Souvent, lorsque nous admirons un écrivain (ou plus
largement un artiste), nous sommes à l’affût du moindre morceau, de n’importe
quelle miette venant de lui. Que paraisse un inédit ou que survienne la
réédition d’un texte jusque-là difficile à trouver, nous voilà impatients,
haletants ou ravis. Puis vient la découverte du morceau, qui peut aussi bien
être un enchantement qu’une cruelle déception. Pour ce qui est de Curzio
Malaparte, nous avons été servis ces dernières années : en matière de
déception, ne citons que Le compagnon de
voyage, tandis que Voyage en Ethiopie
appartiendrait plutôt aux agréables découvertes. C’est dans cette dernière catégorie
que je rangerai La Volga naît en Europe,
réédition d’un livre paru en France en 1948, dont les Belles Lettres ont eu
l’heureuse initiative de se charger, dans la nouvelle collection
« Mémoires de guerre ». On annonce la prochaine parution, du même
auteur et dans la même collection, de Viva
Caporetto ! : nous verrons bien alors.
Malaparte sur le front de l’Est
La quatrième de couverture de La Volga naît en Europe a le mérite de nous annoncer ce qu’est ce
livre : un recueil d’articles écrits par un correspondant de guerre. En
l’occurrence, d’articles écrits par Malaparte pour le Corriere della Serra, l’été 1941 en Bessarabie et en Ukraine, puis à la fin de l’hiver 1942,
aux côtés des troupes finlandaises, devant Leningrad[i].
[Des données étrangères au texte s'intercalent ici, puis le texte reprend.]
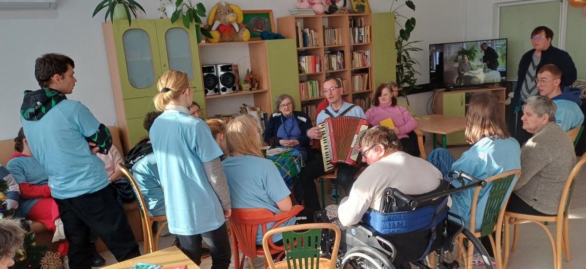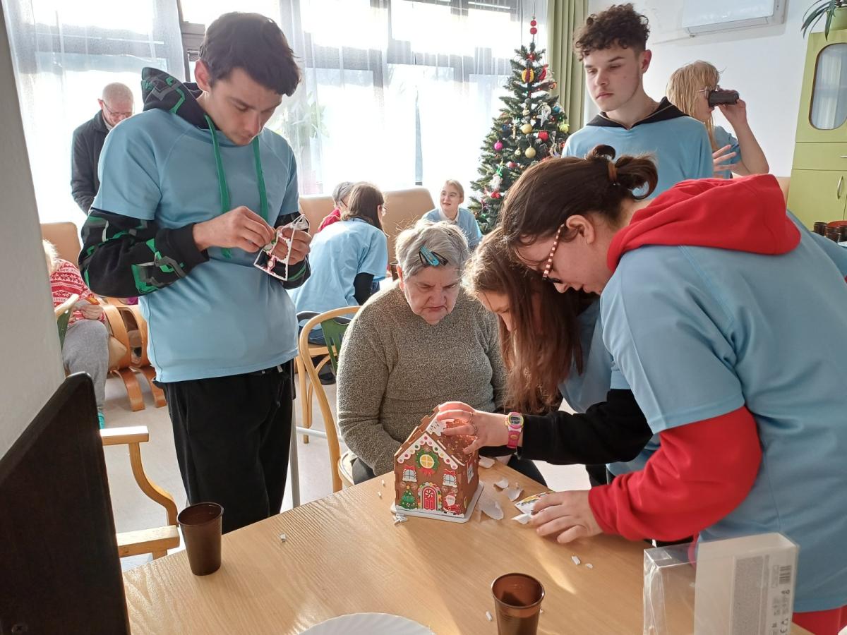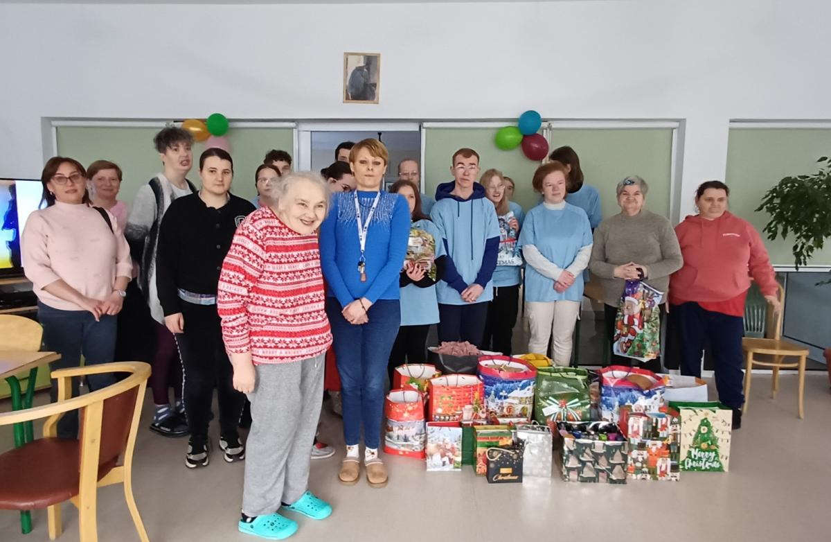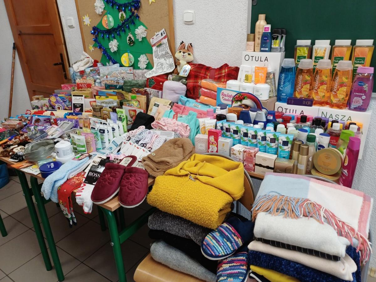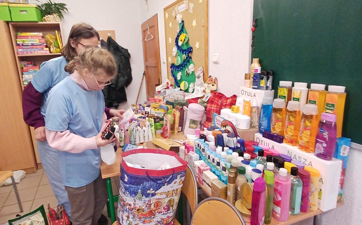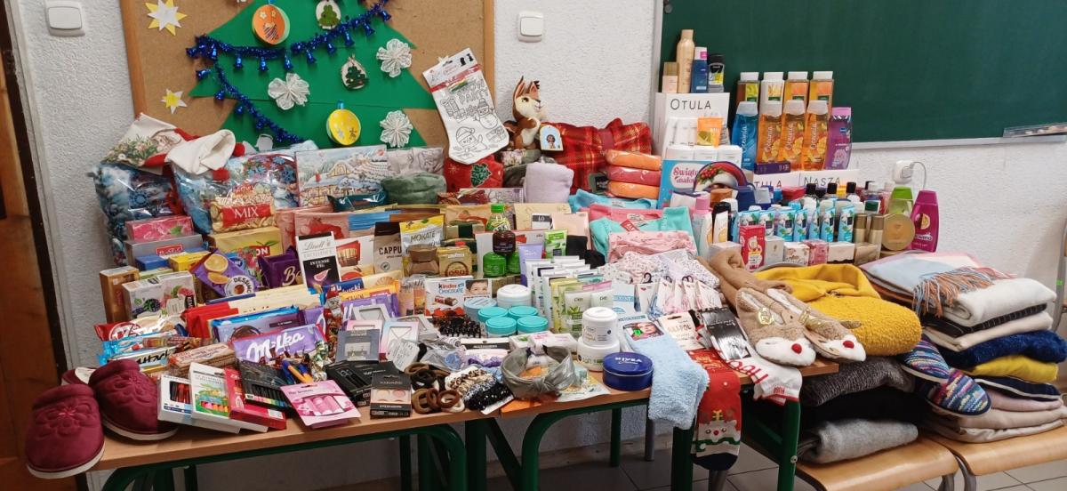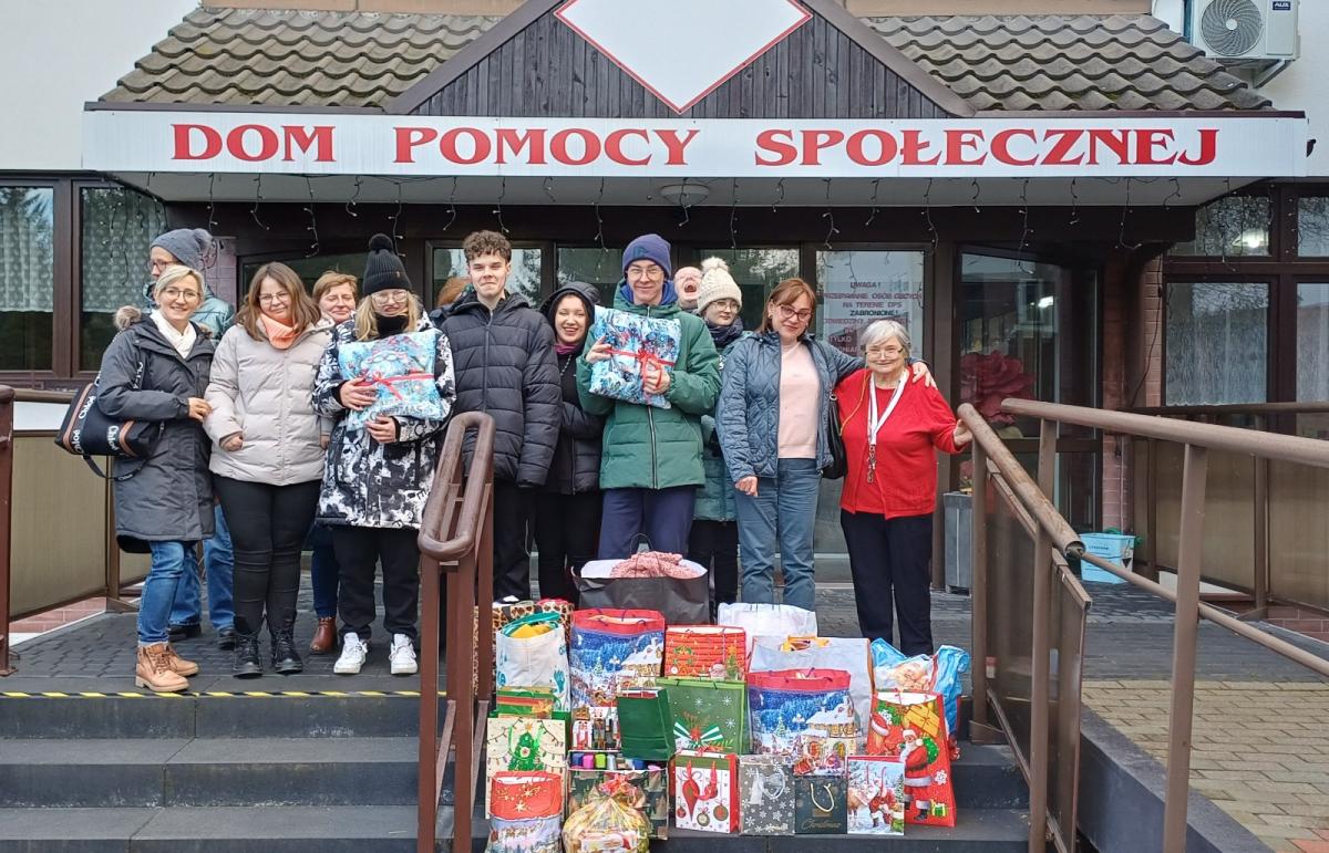 Święta Bożego Narodzenia to czas, w którym mocniej niż kiedykolwiek pochylamy się nad drugim człowiekiem i dzielimy dobrocią. Osoby przebywające w Domach Pomocy Społecznej czują się często osamotnione i porzucone w te bardzo rodzinne święta. Mogliśmy choć troszkę uprzyjemnić im ten czas spełniając ich skromne pragnienia. Panie z DPS napisały listy do Świętego Mikołaja, w którym prosiły m.in. o: słodycze, ciastka, herbatę, kawę, kosmetyki, ciepłe skarpety, rajstopy, pantofle. Wydrukowane listy od Pań zostały umieszczone na gazetce szkolnego wolontariatu, dzięki czemu każdy mógł przeczytać o co proszą nadawcy listów. Wolontariusze pod kierunkiem opiekunów przeprowadzili zbiórkę darów dla Pań i przygotowali paczki. W dniu 18.12.2025 r. udali się do Domu Pomocy Społecznej w celu złożenia świątecznych życzeń i przekazania zebranych darów. Jak zwykle zostali bardzo ciepło przyjęci. Czas upłynął na miłych rozmowach, wspólnym czytaniu świątecznych opowieści w ramach realizacji projektu „Narodowego Programu Rozwoju Czytelnictwa” oraz na radosnym kolędowaniu. Wszystkim, którzy wsparli naszą akcję z serca dziękujemy.

Plutôt que les combats eux-mêmes, encore qu’il se
trouve quelques récits de combats, Malaparte décrit ici ce qu’il voit – et transpose
certainement – entre les combats ou après ceux-ci : en Bessarabie et en
Ukraine, ce seront les fermes et les villages pris par les troupes allemandes
et roumaines, les réactions des villageois, les impressions sur les marques
plus ou moins profondes (on est sur les marches de l’URSS plutôt qu’en son
centre) de la propagande soviétique dans les esprits aussi bien que dans le
paysage ou les constructions – on ne peut que penser aux églises transformées
en musées de l’athéisme (!) ou en entrepôts à grain ; en Finlande
(disons plutôt en Ingrie) nous sont montrés les efforts acharnés, furieux, des
Soviétiques pour défendre Leningrad (vus de l’autre côté) et ceux, patients,
presque paisibles, mais résolus et combatifs des Finlandais dans leur participation
à ce siège.
On est loin, ici, de la grande construction
horrifique et géniale que sera Kaputt,
révélant après coup les atrocités de la guerre en Ukraine, ne reniant pas son
admiration pour le courage à la foi tranquille, méthodique et fou des
Finlandais (avec là un peu plus d’insistance sur le côté fou), et y mêlant
quelques conversations avec des altesses raffinées ou des puissants du moment.
Les passages « princiers » de Kaputt
sont empreints d’un snobisme pas dupe, héritage proustien revendiqué, tandis
que ceux où nous rencontrons Hans Frank, « protecteur » de la Pologne
(Frankreich, ha, ha, ha !) nous
dépeignent plutôt ce dernier comme un croisement d’Ubu roi et de bourgeois
gentilhomme[ii].
Naturellement, étant destinés à la presse italienne
du temps de Mussolini, les articles de La Volga
naît en Europe n’ont pas cette folie grandiose, élégante et crue. Ni la
brièveté propre au journalisme ni la censure ne le permettaient.
Une idée générale ?
Dans sa préface de 1948 (écrite pour l’édition
française de La Volga naît en Europe),
Malaparte affirme, répète, martèle presque ce qu’il dit être le « sens
caché » de la guerre entre l’Allemagne nationale-socialiste et la Russie
bolchévique : ce n’était pas un affrontement entre quelque civilisation
européenne et quelque barbarie asiatique (d’où le titre, et en toute modestie
j’incline vers cette négation et la trouve même assez évidente) mais un
prolongement de la lutte des classes… Et là on est un peu perdu : de
quelles classes s’agit-il ? « Bourgeois » contre « prolétaires » ?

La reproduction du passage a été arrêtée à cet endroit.